The RBI has also mentioned the additional provisions that have to be made in case the RPs are not implemented within the timelines stated. Further, it is clear that the existing cases under IBC would not be affected as it is clearly mentioned that this framework shall not be available for borrower entities in respect of which specific instructions have already been issued or are issued by the Reserve Bank to the banks for initiation of insolvency proceedings under the IBC. Lenders shall pursue such cases as per the specific instructions issued to them. Also the earlier schemes such as Corporate Debt Restructuring Scheme, Flexible Structuring of Existing Long Term Project Loans, Strategic Debt Restructuring Scheme (SDR) etc. stand withdrawn.
How would this work? These guidelines will definitely bring in more transparency in terms of letting all the lenders know that there is a problem and that they would also have to work towards a solution through the RP. But the onus is on the set of creditors to come together and take a call on the resolution plan which could mean a restructuring of the loan or arguing for a change in ownership, both of which can be contentious.

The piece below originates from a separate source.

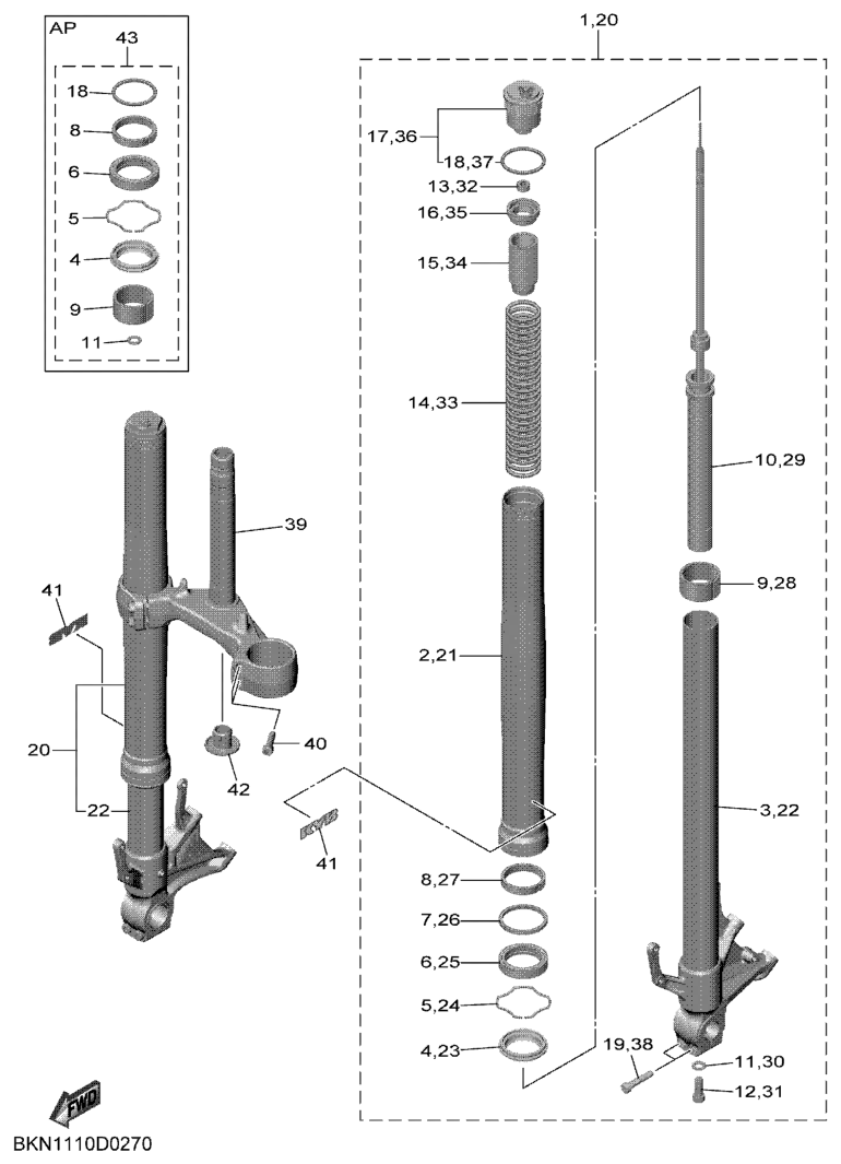 Etuhaarukka, YZF-R9 2026, YZF-R9, 900 cc, Yamaha -varaosa luettelot

Even in the past, such arrangements have been there in different forms wherein the creditors could get together and restructure the debt in different ways. But the tricky part was when the asset had to be sold which meant pricing of the deal that involved haircuts that were not acceptable to the two parties – banks wanted smaller cuts while the buyer larger ones. That is why the ARC concept did not quite take off. Also, there was the case of banks deliberately procrastinating on the resolution so as to ensure that these assets were not taken to be NPAs and hence the evergreening incentive was rampant.
It would be interesting to see how this pans out. Bankers are certainly more cognizant of disclosing their NPAs after the AQR process was initiated a couple of years back. Further, all the major legacy issues are already in the process and cannot be reversed. It would hold for the new NPAs which come up that will be easier to monitor. Therefore it does seem that banks will respond more responsibly this time and not kick the can which was done earlier.